Die Gerüchte überschlugen sich, als Gina-Lisa Lohfink und Sängerin Loona im Juli 2011 gemeinsam gesichtet wurden und kurz darauf sehr medienwirksam Angaben, eine Beziehung zu führen. Wenige Monate später, im April 2012 war dann plötzlich Schluss. In einem Interview mit dem Focus verkündete Loona ein Jahr später schließlich, dass es sich um eine rein aus Marketinggründen inszenierte Beziehung handelte. 

Gina-Lisa Lohfink: Alles über den Vergewaltigungs-Prozess 

Die letzten Jahre waren hart für Gina-Lisa Lohfink hart. Im Sommer 2012 wurde ein Video verbreitet, das Lohfink beim Sex mit zwei Männern zeigt. Nach der betreffenden Nacht habe sie sich nach eigener Aussage zunächst an nichts erinnern können. Sie vermutet, dass die Männer ihr K.O.-Tropfen verabreicht haben. Erst als Lohfink die Video-Aufnahme von sich sieht, die die betreffenden Männer im Netz verbreiten und an die Medien verkaufen wollen, geht sie vor Gericht. Denn auf den Aufnahmen ist zu hören, wie sie mehrmals deutlich "Hör auf!" zu den Männern sagt. Der Prozess wird medial kontrovers diskutiert.

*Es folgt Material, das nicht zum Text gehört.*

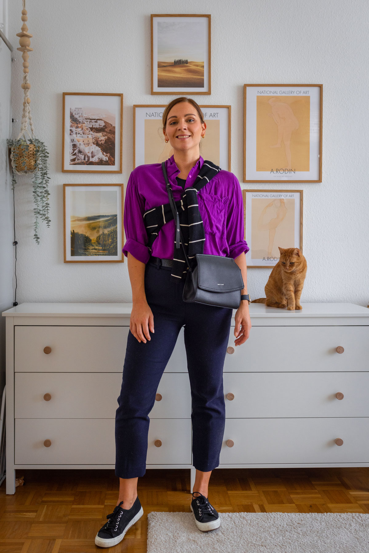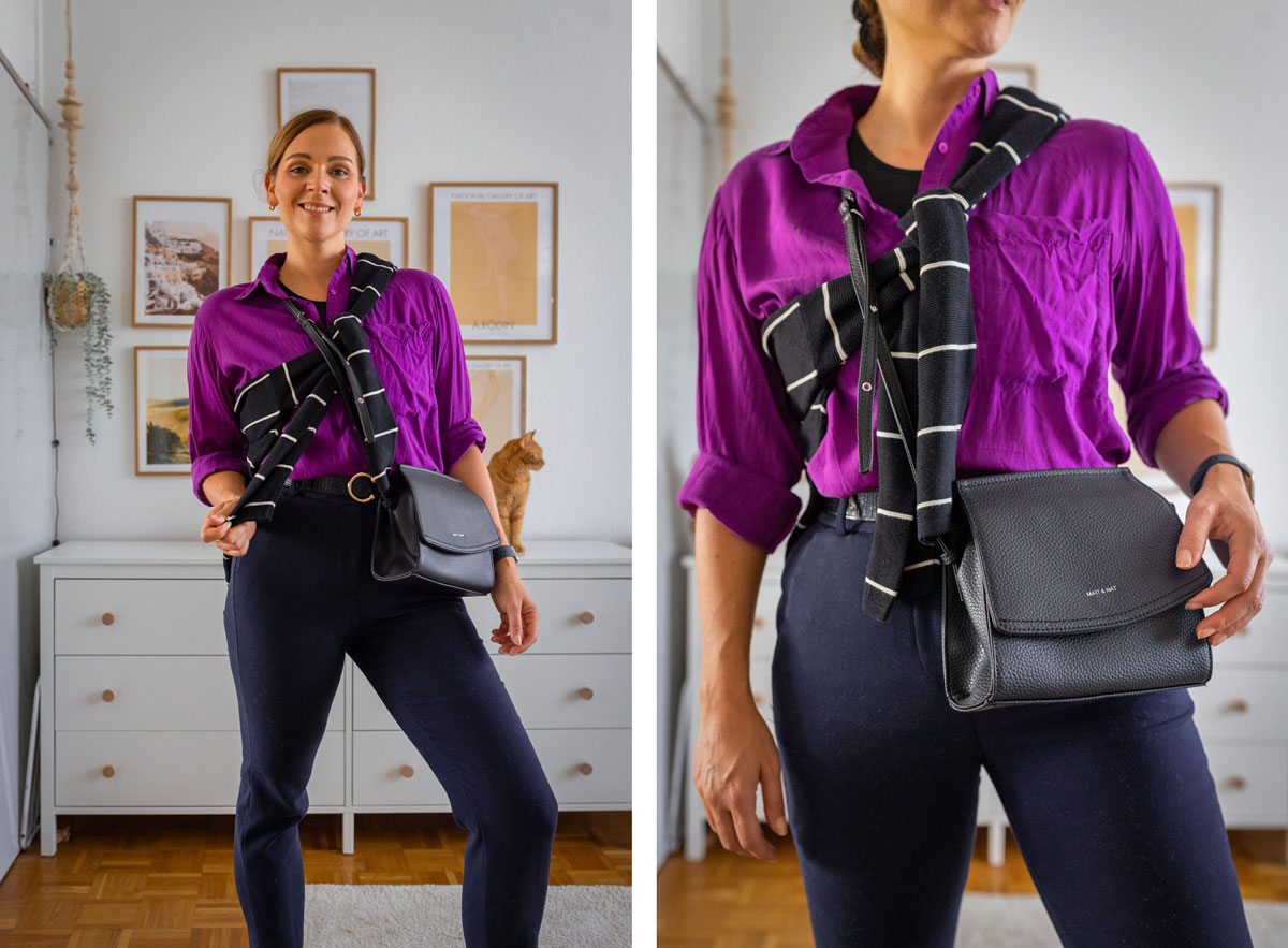 Zu der Bluse trage ich eine dunkelblaue Hose. Denn mit Beginn des Herbstes kommen auch die unterschiedlichen Hosenmodelle wieder vermehrt zum Einsatz. Diese hier hat eine schnittige Länge und harmoniert deshalb supergut mit den schwarzen Freizeitschuhen. Über die Schulter gebunden, trage ich noch einen gestreiften Pullover und passend dazu eine schwarze Tasche. In dem Sinne sage ich für heute auch goodbye, denn in diesem Look entlasse ich mich jetzt in das wohlverdiente Wochenende.

Keine Verurteilung wegen sexueller Nötigung

Trotz der Videoaufnahme werden die beiden Männer lediglich zu geringen Geldstrafen wegen der Verbreitung des Filmmaterials verurteilt. Das Gericht sieht keine ausreichenden Beweise für den Tatbestand einer Vergewaltigung oder sexuellen Nötigung. Lohfinks Verteidiger Burkhard Benecken sagte zur "Welt", dass das Video keinen Zweifel daran lasse, dass es sich um nicht einvernehmlichen Sex gehandelt habe. "Eine Vergewaltigung, im Film eindeutig dokumentiert." Und der "Stern" berichtet: "Fast jeder, der das Material zu sehen bekommt, ist überzeugt, eine Straftat zu erkennen."

Gina-Lisa wegen Falschaussage vor Gericht

Das Gericht sieht das jedoch anders. Und setzte Gina-Lisa auf die Anklagebank: sie soll 24.000 Euro wegen Falschaussage zahlen. Ein Gutachter könne keinen Nachweis von K.O.-Tropfen in ihrem Verhalten feststellen, sie wird der Falschaussage bezichtigt. Die beiden Männer stellten zudem Strafanzeige wegen Verleumdung und Beleidigung.
Vor Gericht beteuert Gina-Lisa jedoch, immer die Wahrheit gesagt zu haben. Und fügt hinzu: "Eines weiß ich genau. Ich würde niemals wieder in meinem Leben, auch als Geschädigte, ohne einen Strafverteidiger zur Polizei gehen. Bedauerlicherweise verstehe ich heute auch, dass viele Frauen, obwohl sie Opfer einer Sexualstraftat geworden sind, aus Angst vor Konsequenzen in Bezug auf die eigene Person den Weg zur Polizei nicht mehr gehen. Ich finde es traurig, dass ich dies sagen muss, aber ich wusste nicht, dass man von der Geschädigten zur Täterin gemacht werden kann."